If Claude isn’t using a tool when you expect it to, be more explicit: “Use the filesystem tool to read /path/to/file”


Troubleshooting

“Server failed to start”: Check that the npm package is available. Run npx -y @modelcontextprotocol/server-[name] in your terminal to see the error.

“Tool not found”: The server may have started but Claude isn’t seeing the tools. Restart Claude Desktop/Code. Check that your JSON config is valid (no trailing commas, properly quoted strings).

API key errors: Double-check the env section of your config. Environment variables must be string values.

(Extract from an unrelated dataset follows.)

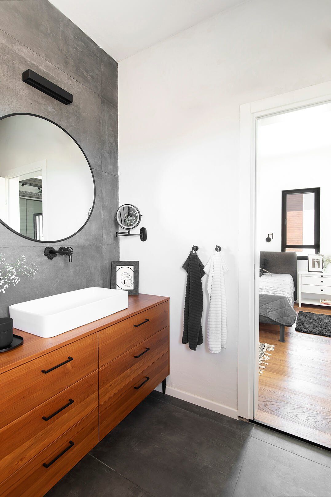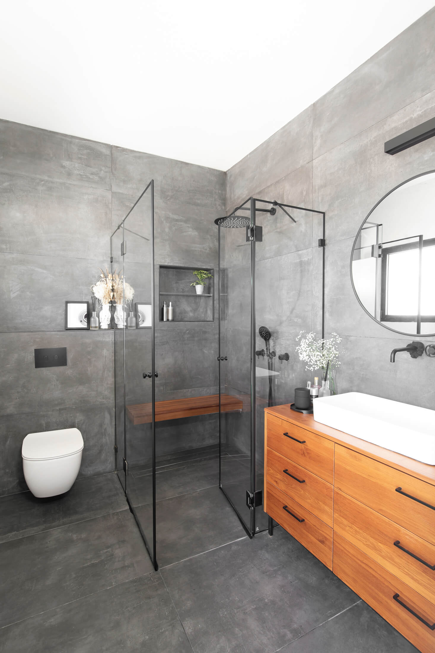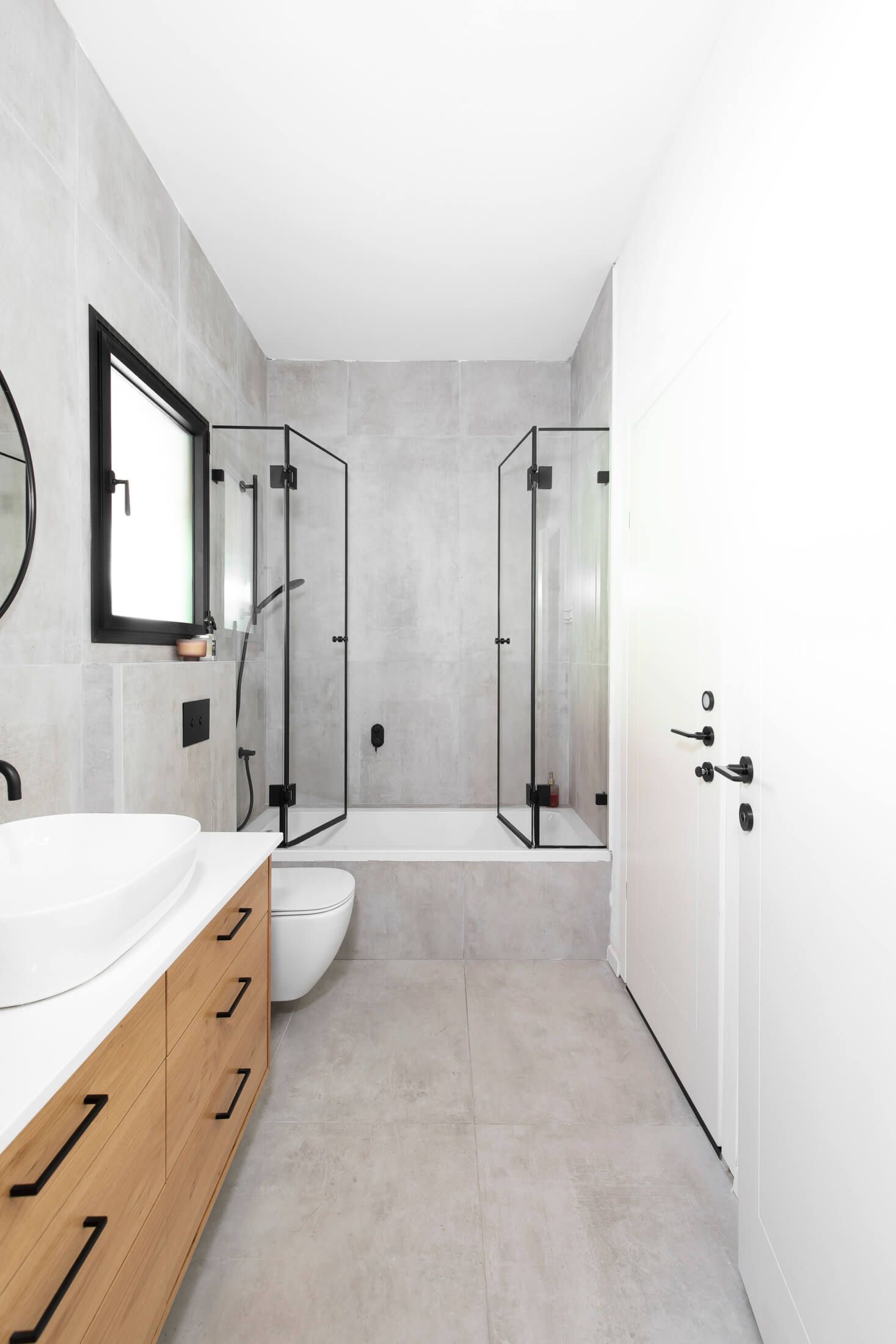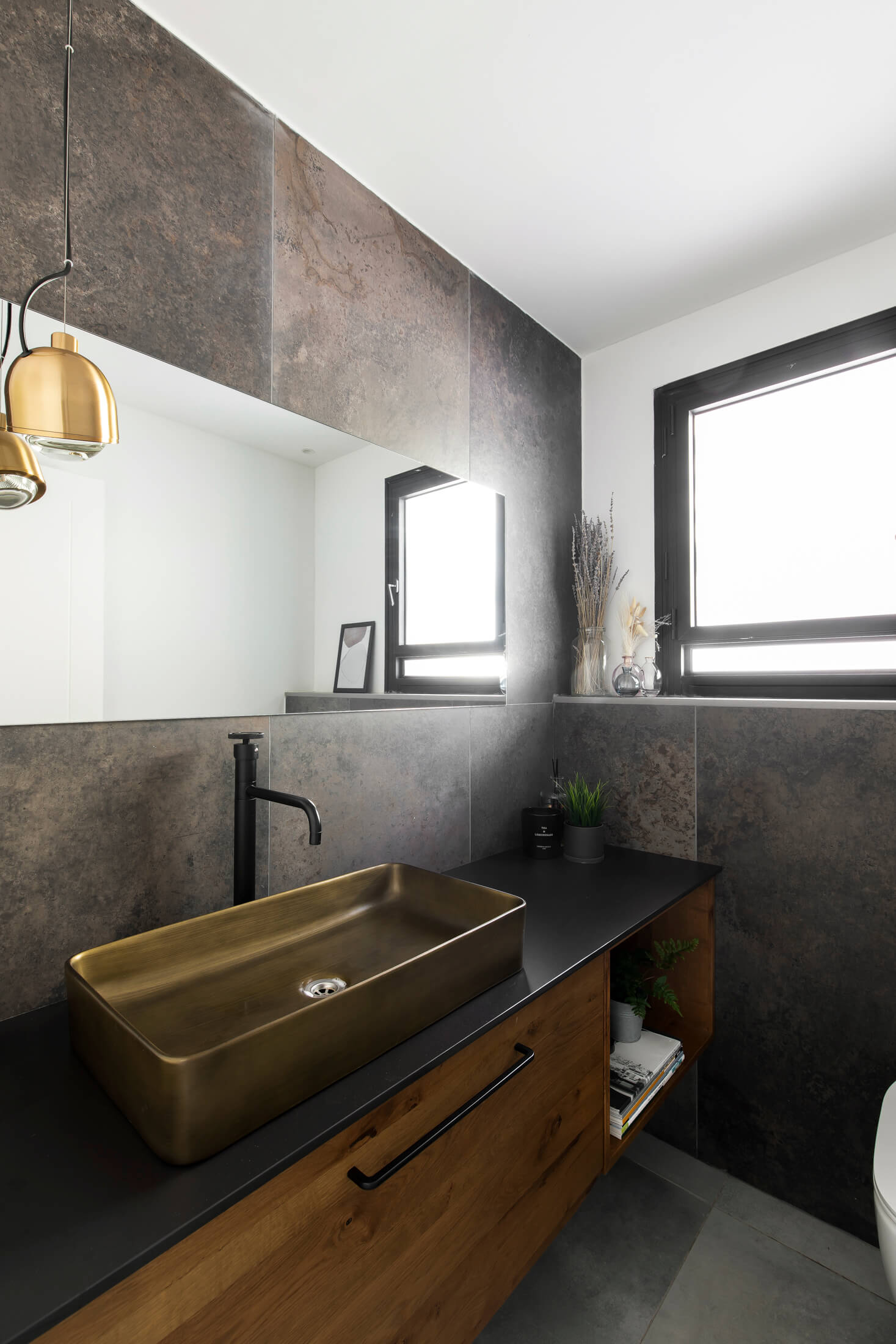 בחדרי הרחצה שולבו אריחים במראה בטון, השומרים על המשכיות באופיו של הבית.

Permission errors on filesystem: The path you specified must exist and be readable by the Claude process.


Security Considerations

MCP servers have real access to real systems. Some cautions:

  • Give filesystem access only to directories Claude needs, not your entire home folder
  • Use read-only database credentials when possible for MCP database access
  • Be careful with MCP servers from untrusted sources — they execute arbitrary code
  • Don’t put API keys directly in config files that are version-controlled; use environment variable references instead

MCP gives Claude significant capabilities. The principle of least privilege applies: give each server exactly the access it needs, no more.